[Material provided]:
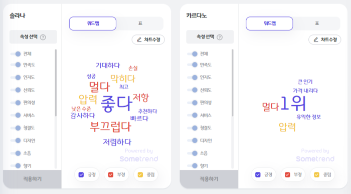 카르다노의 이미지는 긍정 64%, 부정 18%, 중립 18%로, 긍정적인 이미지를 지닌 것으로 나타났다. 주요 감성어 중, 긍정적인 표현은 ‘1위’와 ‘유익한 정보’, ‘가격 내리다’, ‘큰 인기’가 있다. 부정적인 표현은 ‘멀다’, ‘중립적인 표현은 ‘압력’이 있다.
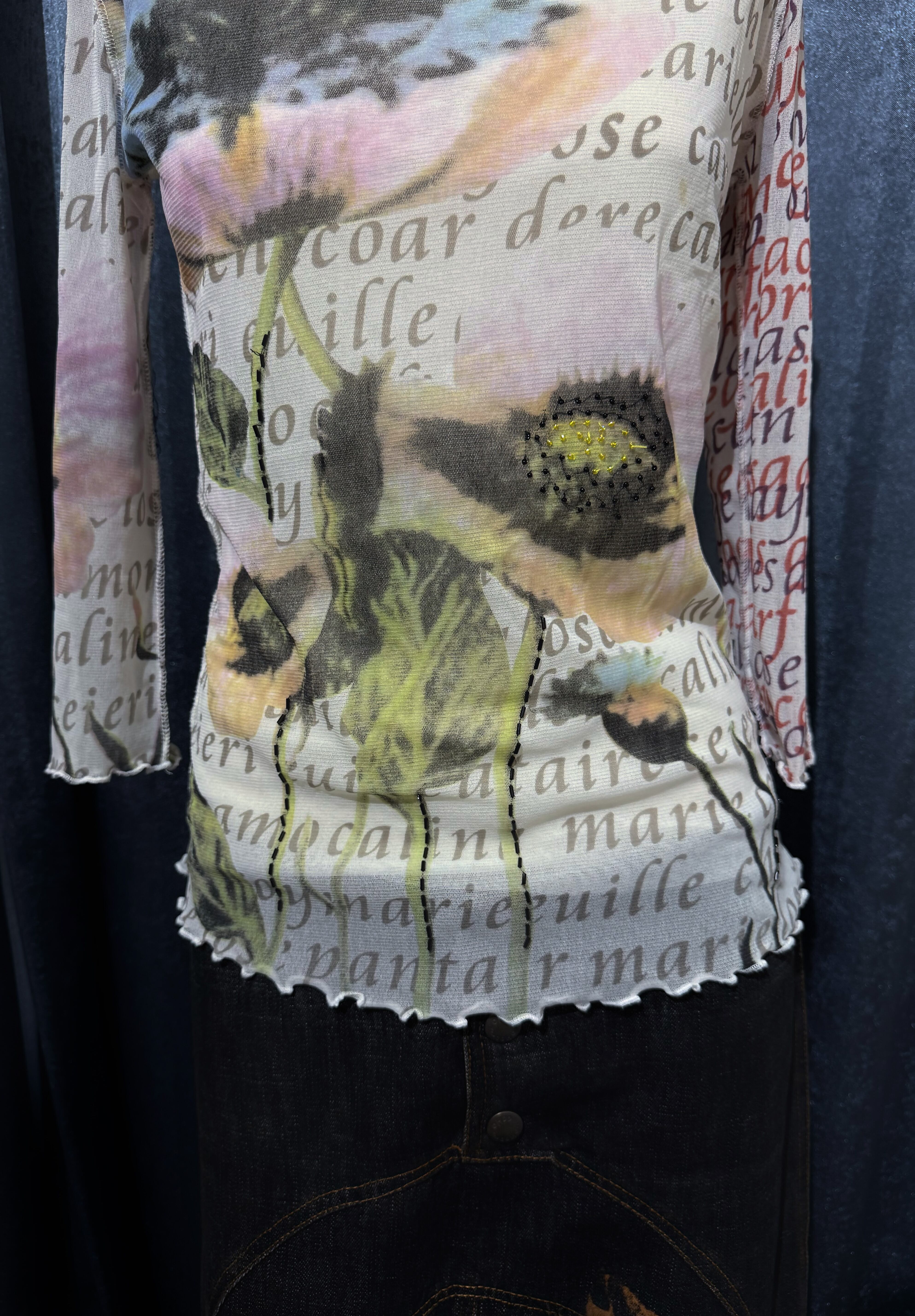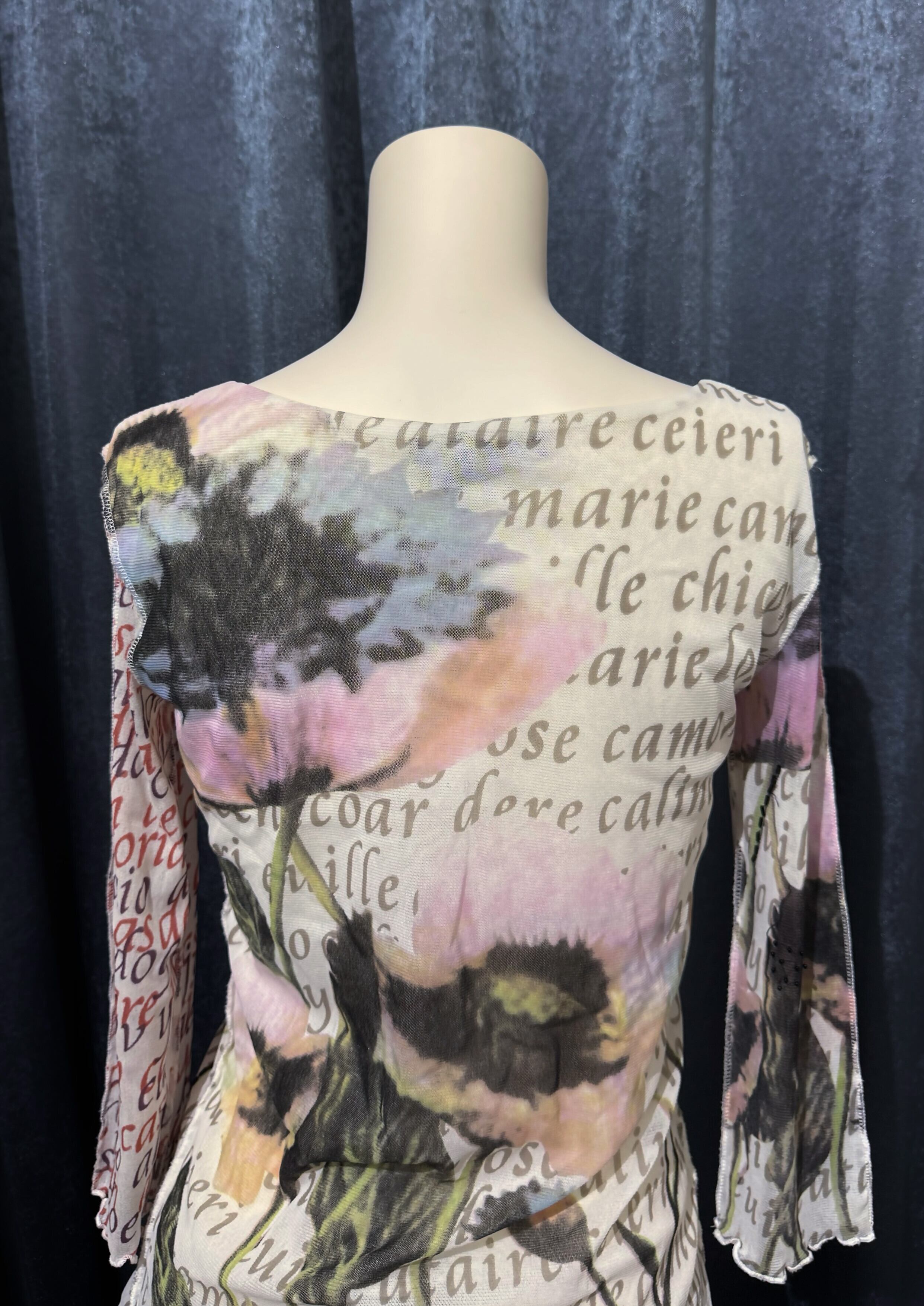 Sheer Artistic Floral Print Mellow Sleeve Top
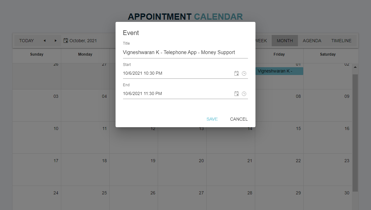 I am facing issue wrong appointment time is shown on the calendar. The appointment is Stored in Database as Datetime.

[Brief]: Using the listing above, copy every line from the line containing "Sheer Artistic Floral" through the last one, both included, and no other lines. Pictures stay out.

[Response to the task]:
 Sheer Artistic Floral Print Mellow Sleeve Top
 I am facing issue wrong appointment time is shown on the calendar. The appointment is Stored in Database as Datetime.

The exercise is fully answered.